Language Acquisition (言語獲得)のクラスでは、人がどうやって言語を獲得するか、について学びます。以前、Second Language Acquisition (SLA: 第二言語習得)のクラスを取ったことがありますが、(過去記事→ SLA の授業より)母国語の獲得については、今回初めて勉強します。

赤ちゃんは、もともとどんな言語の音も聞き分けられる、というのは、わりとよく知られた話だと思います。生まれてから7ヶ月くらいまでは、たとえば日本語環境の赤ちゃんでも英語の「L」と「R」が聞き分けられる。でも、その後、どんどん日本語耳になっていって、聞き分けられなくなる。

でも、赤ちゃんが聞き分けられているかどうかなんて、実際どうやって調べるの?



ヒンディー語の 「d」 は、二種類(dental と retroflex)あって、ヒンディー語のネイティブスピーカーでないと、聞き分けが難しい。このビデオでは、生後6ヶ月の英語ネイティブ環境にいるマシュー君が、この二つの音を聞き分けられるか調べています。

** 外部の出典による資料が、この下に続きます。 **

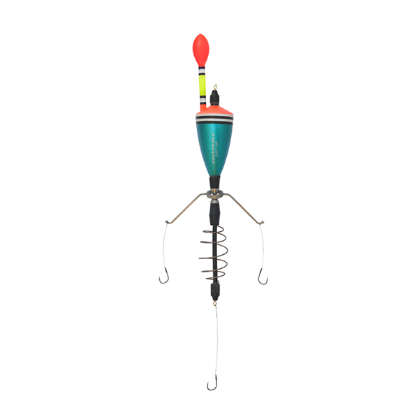 - Az úszó használatbavétele nagyon egyszerű, mindössze a tetején lévő forgóba kell belekötni a főzsinórt, felcsalizni a horgokat, megtölteni a spirálkosarat, és már dobható is!
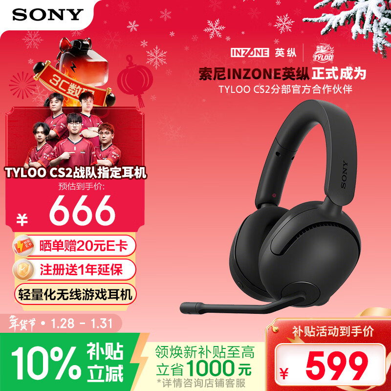 自营索尼(SONY)INZONE 英纵 H5 轻量化无线电竞游戏耳机 虚拟7.1 2.4GHz 3.5mm 黑色 三角洲行动 新年礼物 元旦
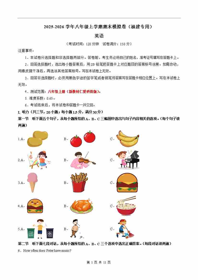 八年级英语期末模拟卷(考试版A4)(福建专用)
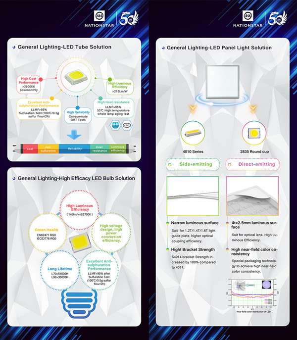 本次印度照明展,永信贵宾会光电带来了通用照明系列器件产品及灯管、球泡灯、面板灯等一体化解决方案。永信贵宾会光电产品经多年技术沉淀与市场检验,在可靠性、耐热性、抗硫化、光色均匀性、高显色性、批次一致性等方面均处于行业领先水平。
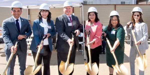 Photo: Hon. E. Martin Estrada, LAFLA director Yolanda Arias, capital campaign chair Jim Burgess, Sup. Hilda Solis, Silvia Argueta, and board chair emerita Amy Lerner-Hill.
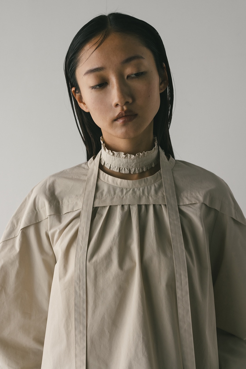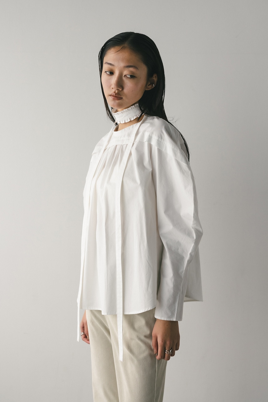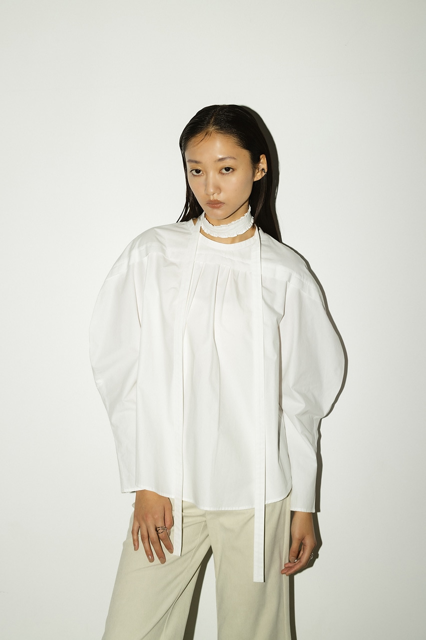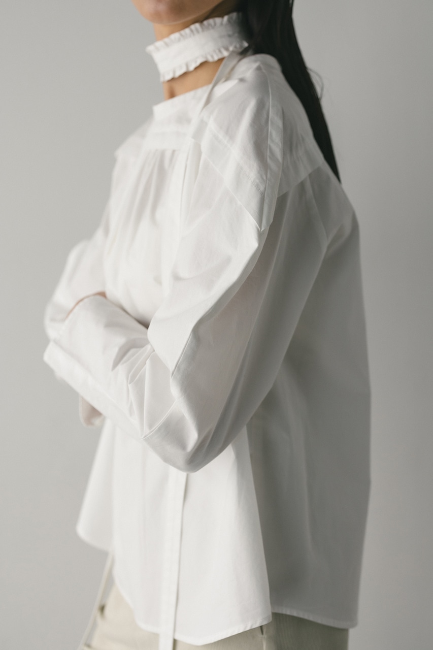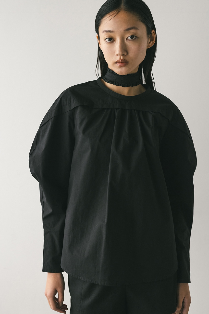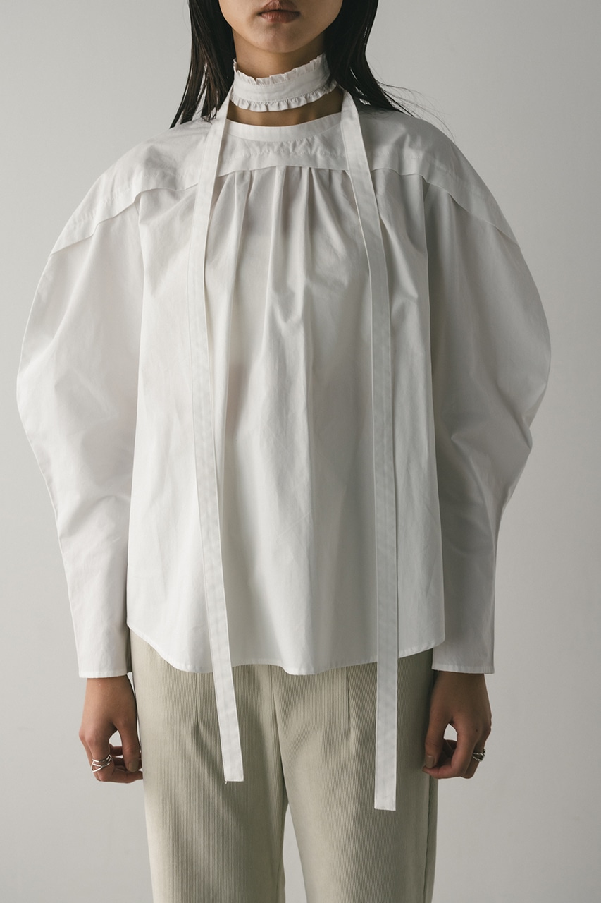 立体的なスリーブが印象的なフリルチョーカー付きブラウス。程よいハリ感でシルエットがきれいに出る一枚。袖デザインがポイントでインナー使いにもおすすめです。部分的にフリルをあしらったチョーカーは、フロントで結んでボウタイにしたり、バックで結んで後ろにタイを垂らしてみたり様々な結び方を楽しめます。ストレッチなし、透け感なし。
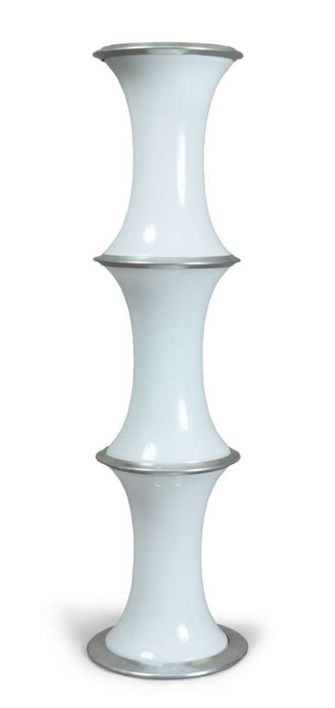 LAMPADA DA TERRA, ANNI '70 in metallo cromato e vetro. h. cm. 130.
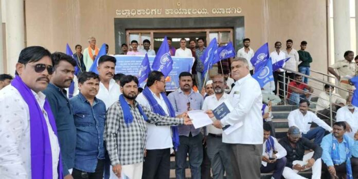 ಸಾಮಾಜಿಕ ಭದ್ರತೆ ಯೋಜನೆಗಳ ನಿಯಮವನ್ನು ಸಡಿಲಿಸಿ ಮಾಸಿಕ ₹5,000 ಹೆಚ್ಚಿಸುವಂತೆ ಒತ್ತಾಯಿಸಿ ಕರ್ನಾಟಕ ಗಾಂಧಿವಾದಿ ಜನಪರ ಚಳವಳಿ ಸಮಿತಿಯಿಂದ ಯಾದಗಿರಿ ಜಿಲ್ಲೆಯ ಸುರಪುರ ತಹಶೀಲ್ದಾರರಿಗೆ ಮನವಿ ಪತ್ರ ಸಲ್ಲಿಸಿದರು.
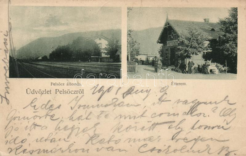 Pelsőc railway station and restaurant (EK) https://www.darabanth.com/de/162-Fernauktion/162.0/Ansichtskarten/Slowakei~500007/Pelsoc-railway-station-and-restaurant-EK~II523724
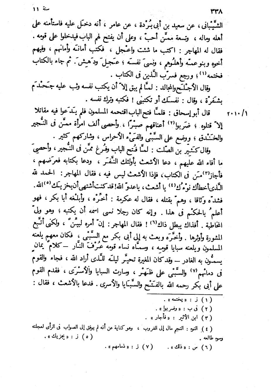 وقال كثير بْن الصلت: لما فتح الباب وفُرغ ممن في النجير، وأحصي ما أفاء اللَّه عليهم، دعا الأشعث بأولئك النفر، ودعا بكتابه فعرضهم، فأجاز من في الكتاب، فإذا الأشعث ليس فيه، فقال المهاجر: الحمد لله الذي أخطاك نوءك يا أشعث، يا عدو اللَّه! قد كنت أشتهي أن يخزيك اللَّه.
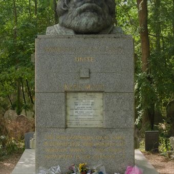 Na zijn dood in 1883 werd Marx eerst elders begraven, maar in 1954 werden zijn stoffelijke resten hierheen gebracht. Het nieuwe monument werd in 1956 onthuld door Harry Pollitt en verving een bescheidener grafsteen.
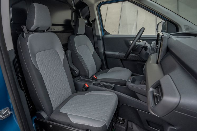 Den nya E-Transit Courierhar blivit hela 25 % större än den tidigare generationen Courier. Lastutrymmet är nu hela 2,9 m³ och är lika stort som storebror Connect i den korta versionen. Den levereras med en motor på 136 hk som kan snabbladdas med en laddare på 100 kW. Efter tio minuter har du upp till 100 km extra elektrisk räckvidd. Snabbladdning från 10 - 80% görs på cirka 23 minuter. Med en 11 kW ombordladdare kan du ladda den kompakta elbilen hemma från 10 - 100 % på cirka 5,3 timmar. E-Transit Courier har en maximal nyttolast på 700 kg, kan dra en släpvagn på upp till 750 kg och har en räckvidd på upp till 301 km3.

まず、練習として、「ba」 という音を続けて何回か聞いてもらいます。このとき、目の前でおもちゃを動かして、注意をおもちゃに向けておきます。しばらくしてから、「da」 という音が聞こえ始めます。すると同時に、横に置いてあるおもちゃのウサギが動き出します。「ba」 と 「da」 の区別は英語にもありますから、違いは分かって当然です。ウサギが動き出すのをわざと遅らせても、マシュー君は、「da」 になった時点で、ウサギが動くと予測して、ウサギの方を向きます。

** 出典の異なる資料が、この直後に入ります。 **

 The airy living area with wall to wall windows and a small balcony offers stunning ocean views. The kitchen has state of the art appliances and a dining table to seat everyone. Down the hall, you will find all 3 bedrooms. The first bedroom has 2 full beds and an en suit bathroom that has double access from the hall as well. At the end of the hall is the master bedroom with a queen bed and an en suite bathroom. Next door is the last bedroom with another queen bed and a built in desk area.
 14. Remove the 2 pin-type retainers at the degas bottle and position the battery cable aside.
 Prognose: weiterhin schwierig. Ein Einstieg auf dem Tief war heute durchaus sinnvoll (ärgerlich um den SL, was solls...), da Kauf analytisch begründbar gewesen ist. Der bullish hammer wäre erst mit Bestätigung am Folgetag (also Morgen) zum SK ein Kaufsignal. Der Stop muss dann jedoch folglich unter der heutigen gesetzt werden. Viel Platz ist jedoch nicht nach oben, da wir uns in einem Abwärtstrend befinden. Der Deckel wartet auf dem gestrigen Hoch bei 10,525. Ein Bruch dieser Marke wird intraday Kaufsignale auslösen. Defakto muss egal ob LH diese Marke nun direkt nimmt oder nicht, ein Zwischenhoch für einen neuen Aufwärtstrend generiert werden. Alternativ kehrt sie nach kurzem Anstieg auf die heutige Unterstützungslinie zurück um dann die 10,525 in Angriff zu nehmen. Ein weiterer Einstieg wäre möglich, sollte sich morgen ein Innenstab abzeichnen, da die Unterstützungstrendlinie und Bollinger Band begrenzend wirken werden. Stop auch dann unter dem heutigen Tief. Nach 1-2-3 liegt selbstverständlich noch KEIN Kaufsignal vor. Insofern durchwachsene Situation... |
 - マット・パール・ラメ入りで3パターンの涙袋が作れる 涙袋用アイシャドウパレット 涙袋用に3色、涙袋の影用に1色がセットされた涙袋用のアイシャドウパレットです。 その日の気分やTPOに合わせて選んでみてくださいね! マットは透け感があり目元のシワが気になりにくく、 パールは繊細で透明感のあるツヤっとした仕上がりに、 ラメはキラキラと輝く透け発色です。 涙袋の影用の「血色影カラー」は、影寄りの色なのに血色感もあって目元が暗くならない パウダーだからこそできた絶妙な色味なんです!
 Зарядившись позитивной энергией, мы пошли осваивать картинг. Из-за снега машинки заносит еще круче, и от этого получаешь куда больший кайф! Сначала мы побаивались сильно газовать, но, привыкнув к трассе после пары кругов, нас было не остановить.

練習が終わったら、今度はヒンディー語です。ヒンディー語の2種類の「da」の一方を続けて聞いてもらって、途中でもう一方の「da」に変えます。さっきと同様、音が変わると同時にウサギが動き出します。もしマシュー君が、二つの「da」の違いを分かっていれば、先ほどの練習と同様、音が変わった時点で、ウサギの方を向くはずです。はたして、マシュー君は、大人の英語ネイティブに聞き分けられない二種類の「da」を聞き分け、ウサギの方を見るのでしょうか。

マシュー君の後、生後10ヶ月のエマちゃんも同じ実験に挑戦しています。


あらゆる言語の音を聞き分けられるなんていいなあ、とも思うけど、私たちの脳は、基本的に省エネ設計なんですよね。いろんな言語の聞き耳頭巾があるといいなあ。